The Lessons of Cooking School

Learning the first principles of cooking at culinary school

The Lessons of Cooking School
Photo by Pylyp Sukhenko / Unsplash

I’ve taken the last two weeks off from all things Uncharted to attend a 2-week bootcamp at a culinary school in Vancouver, B.C. on plant-based cooking. I approached with two goals: 1) learn the first principles that underpin all cooking, and 2) develop more culinary creativity by operating within the dietary constraints of plant-based cooking where butter, cream, cheese, and meat are all unavailable, leading to inventive recipes and surprising substitutions.
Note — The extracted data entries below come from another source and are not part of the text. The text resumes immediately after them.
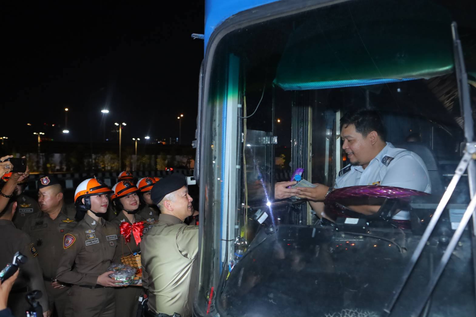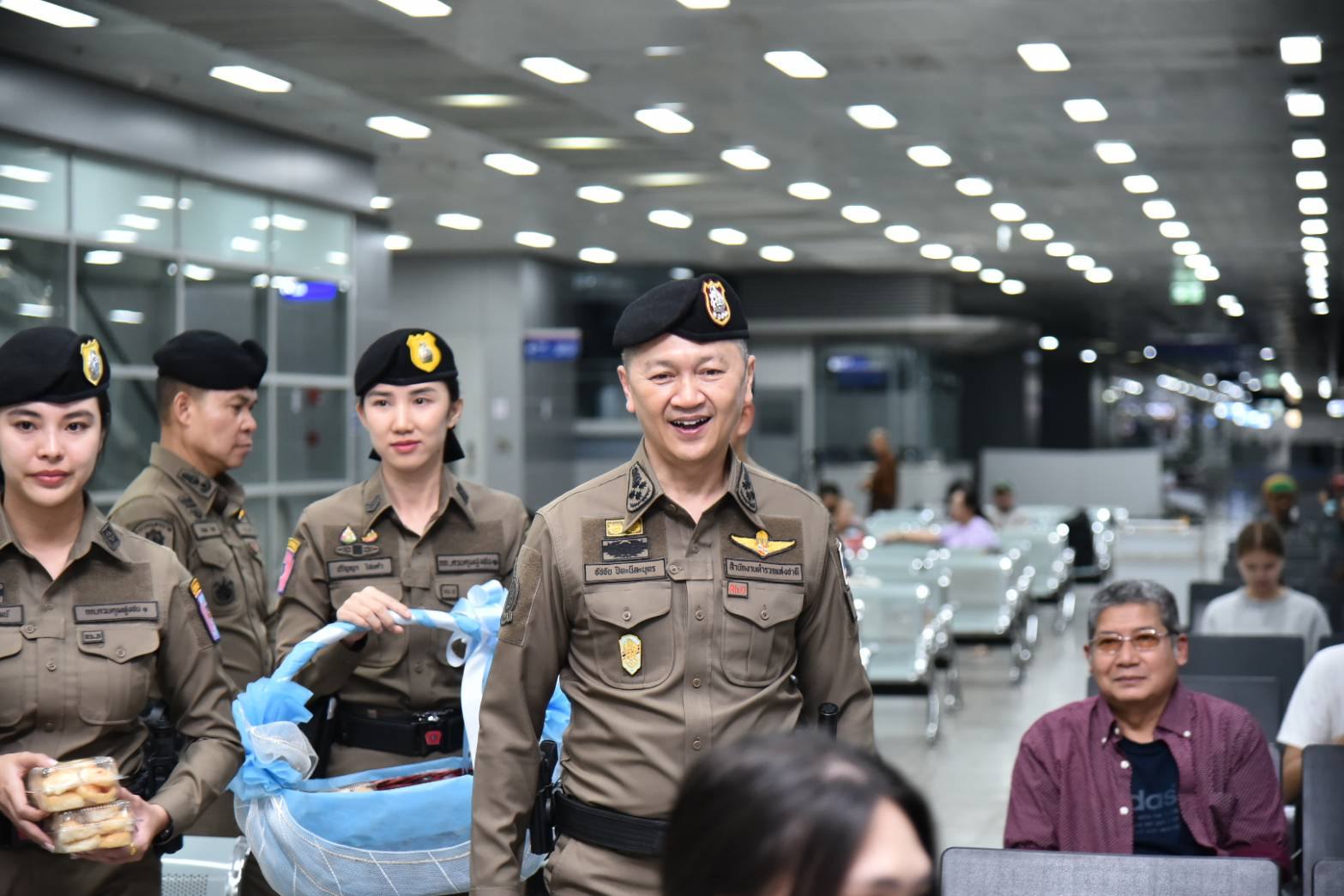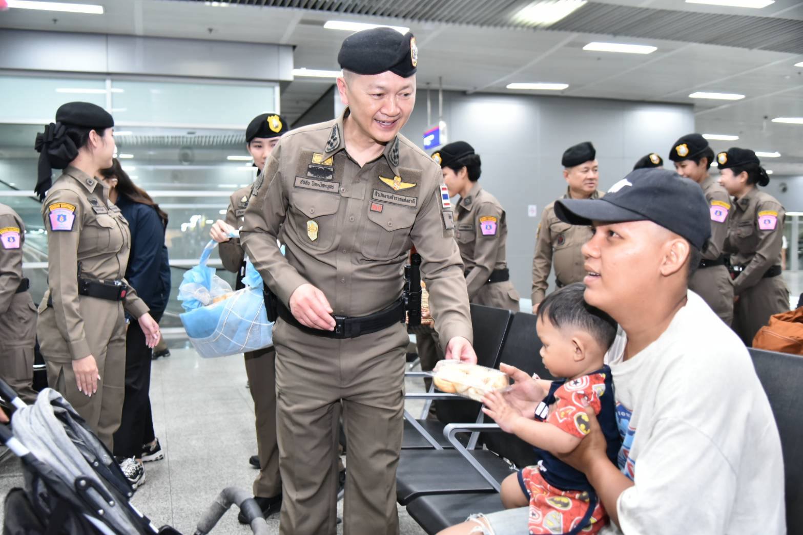 จากนั้น รอง ผบ.ตร.ได้ตรวจเยี่ยมและพบปะกำลังพล และปล่อยแถวกำลังพลพร้อมยานพาหนะออกปฏิบัติหน้าที่ ก่อนเข้าไปพบปะพูดคุยกับพี่น้องประชาชนที่มาใช้บริการภายในอาคาร พร้อมร่วมออกตรวจสภาพรถและตรวจวัดแอลกอฮอล์ของผู้ขับขี่รถรับจ้างสาธารณะ เพื่อสร้างความเชื่อมั่นและหลักประกันความปลอดภัยให้แก่ประชาชนตลอดช่วงเทศกาล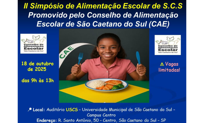 Vem ai o II Simpósio de Alimentação Escolar de São Caetano do Sul promovido pelo CAE – Conselho de Alimentação Escolar de SCS, entidade presidida pelo Professor Pará. Será no dia 18 de outubro, sábado, das 9h até 13h, tendo como local o auditório da USCS, na Rua Santo Antônio, 50, no Centro da cidade.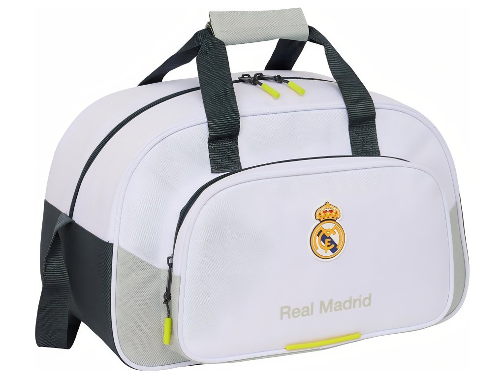 Športová taška Real Madrid v bielo-sivo-čiernom prevedení s predným vreckom a klubovým znakom. Elegantný dizajn kombinuje biely základ so sivými a čiernymi detailmi. Prednú časť zdobí znak Real Madrid FC, ktorý jasne ukazuje, komu fandíš. Taška má priestrannú hlavnú komoru na zips a predné vrecko na zips vhodné na doplnky a drobnosti. Hlavný vstup je vybavený dvojitými jazdcami, ktoré uľahčujú otváranie aj zatváranie. Rozmery sú 40 × 23 × 24 cm a objem činí 22 l. Vďaka nastaviteľnému ramennému popruhu ju môžeš pohodlne nosiť cez plece, zatiaľ čo mäkčené horné madlo je príjemné do ruky. Spodná časť je chránená ochrannými nožičkami, ktoré zabraňujú odieraniu. Vo vnútri sa nachádza vyberateľné polotuhé dno pre lepšiu stabilitu a ochranu obsahu. Taška je vyrobená z odolného polyesteru, ktorý sa ľahko udržiava. Stačí utrieť vlhkou handričkou. Ideálna voľba na tréningy, zápasy aj cestovanie za športom. Svojou veľkosťou sa hodí nielen na futbal, ale aj na ďalšie športy a voľnočasové aktivity.

This course ended up being one of the best things I have ever done (and I believe one of the highest ROI things I will ever do...it will fundamentally change every meal I make for the rest of my life). The course was a change of pace from the routines at Uncharted: I loved the tactile, physical dexterity needed to wield a knife, the sensory intelligence needed to evaluate the ripeness of a fresh tomato, the intellectual understanding needed to perceive how heat, acid, fat, and time change the chemical composition of ingredients, the creative vision needed to imagine a dish, and the strategic planning needed to script the key moves so it all came together at the same time. But perhaps most of all, I loved how the first principles of cooking invite us to let go of adhering to the check-lists in a recipe book where there is only one right way and instead trust ourselves, develop good kitchen judgment, rely on our taste-buds, and embrace the inevitable imperfections of taking something from idea to reality within just a few minutes or hours. The kitchen is the original rapid-prototyping workshop, it is the stage where we can apprentice in the human work of creating something from nothing, of course-correcting as we go by constantly tasting, re-flavoring, and tasting again, and of extending the grace to ourselves when the food didn’t come out exactly the way we envisioned. It’s just one meal, and if we’re lucky, we can try again tomorrow.